→ Task goal
Provide again, from the entries below, every line from the one containing "4.2.5. В зонах" through the one containing "bà Dinh kể.", exactly as written, and no other line.

→ Material supplied
-=-=-

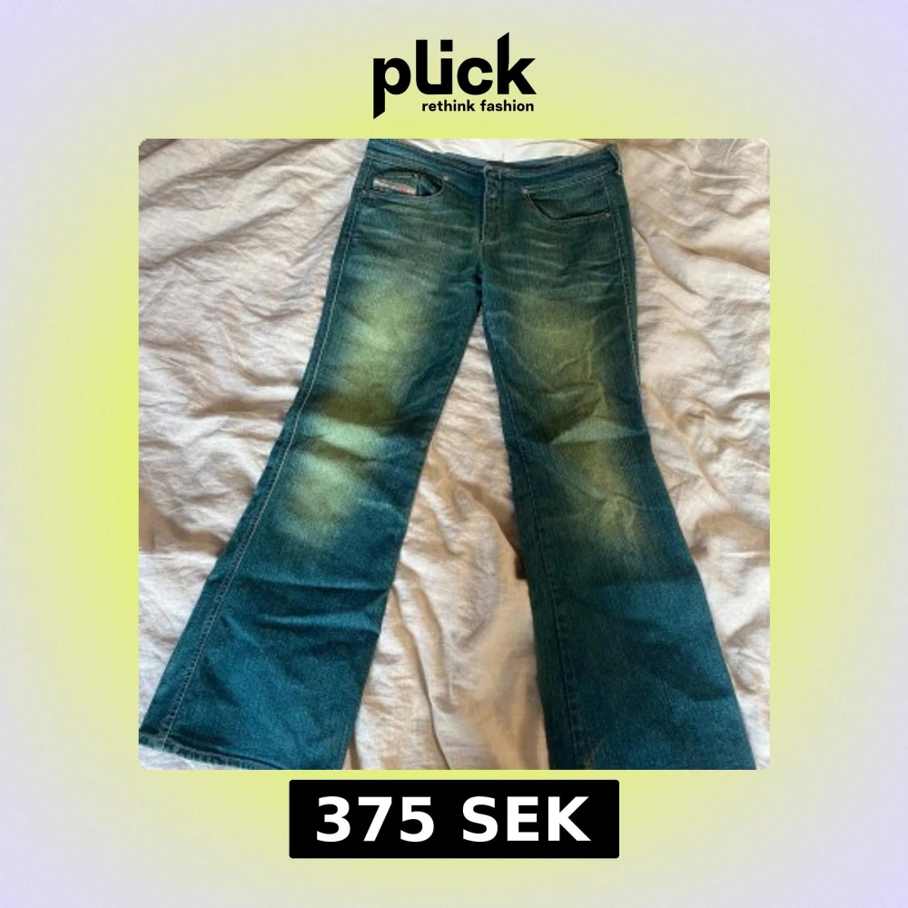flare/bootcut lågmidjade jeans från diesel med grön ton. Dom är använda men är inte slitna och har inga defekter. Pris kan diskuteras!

-=-=-

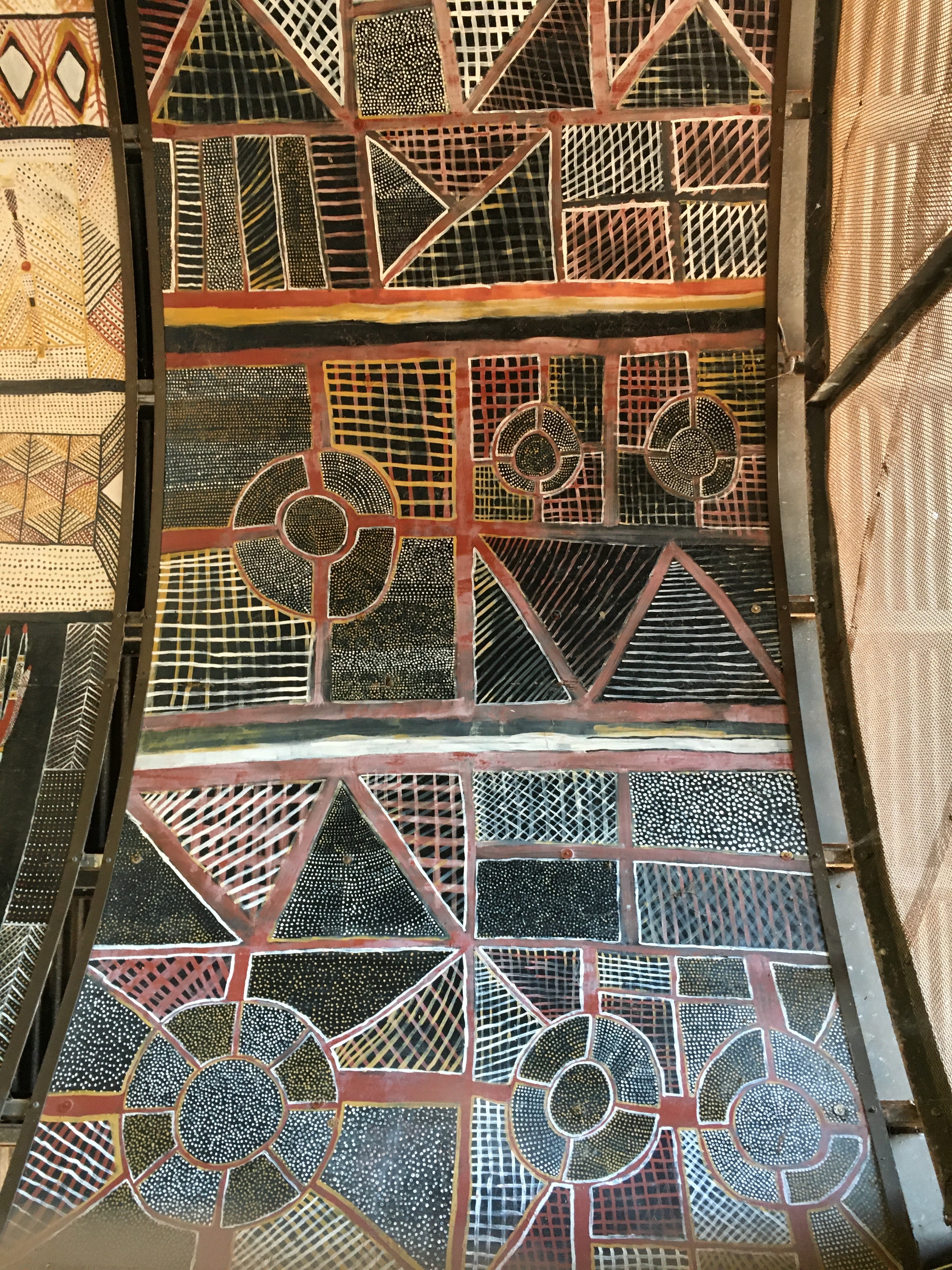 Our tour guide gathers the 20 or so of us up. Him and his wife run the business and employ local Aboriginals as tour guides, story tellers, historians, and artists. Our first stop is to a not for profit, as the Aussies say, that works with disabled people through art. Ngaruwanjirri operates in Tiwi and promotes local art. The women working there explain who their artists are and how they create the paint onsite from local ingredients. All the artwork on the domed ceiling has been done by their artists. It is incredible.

-=-=-

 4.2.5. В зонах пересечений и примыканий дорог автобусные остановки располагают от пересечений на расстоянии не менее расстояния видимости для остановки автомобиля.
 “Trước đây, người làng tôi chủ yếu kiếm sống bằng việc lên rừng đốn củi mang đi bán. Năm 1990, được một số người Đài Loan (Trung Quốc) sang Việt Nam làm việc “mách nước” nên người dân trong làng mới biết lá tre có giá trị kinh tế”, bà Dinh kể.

-=-=-

→ Response area
 4.2.5. В зонах пересечений и примыканий дорог автобусные остановки располагают от пересечений на расстоянии не менее расстояния видимости для остановки автомобиля.
 “Trước đây, người làng tôi chủ yếu kiếm sống bằng việc lên rừng đốn củi mang đi bán. Năm 1990, được một số người Đài Loan (Trung Quốc) sang Việt Nam làm việc “mách nước” nên người dân trong làng mới biết lá tre có giá trị kinh tế”, bà Dinh kể.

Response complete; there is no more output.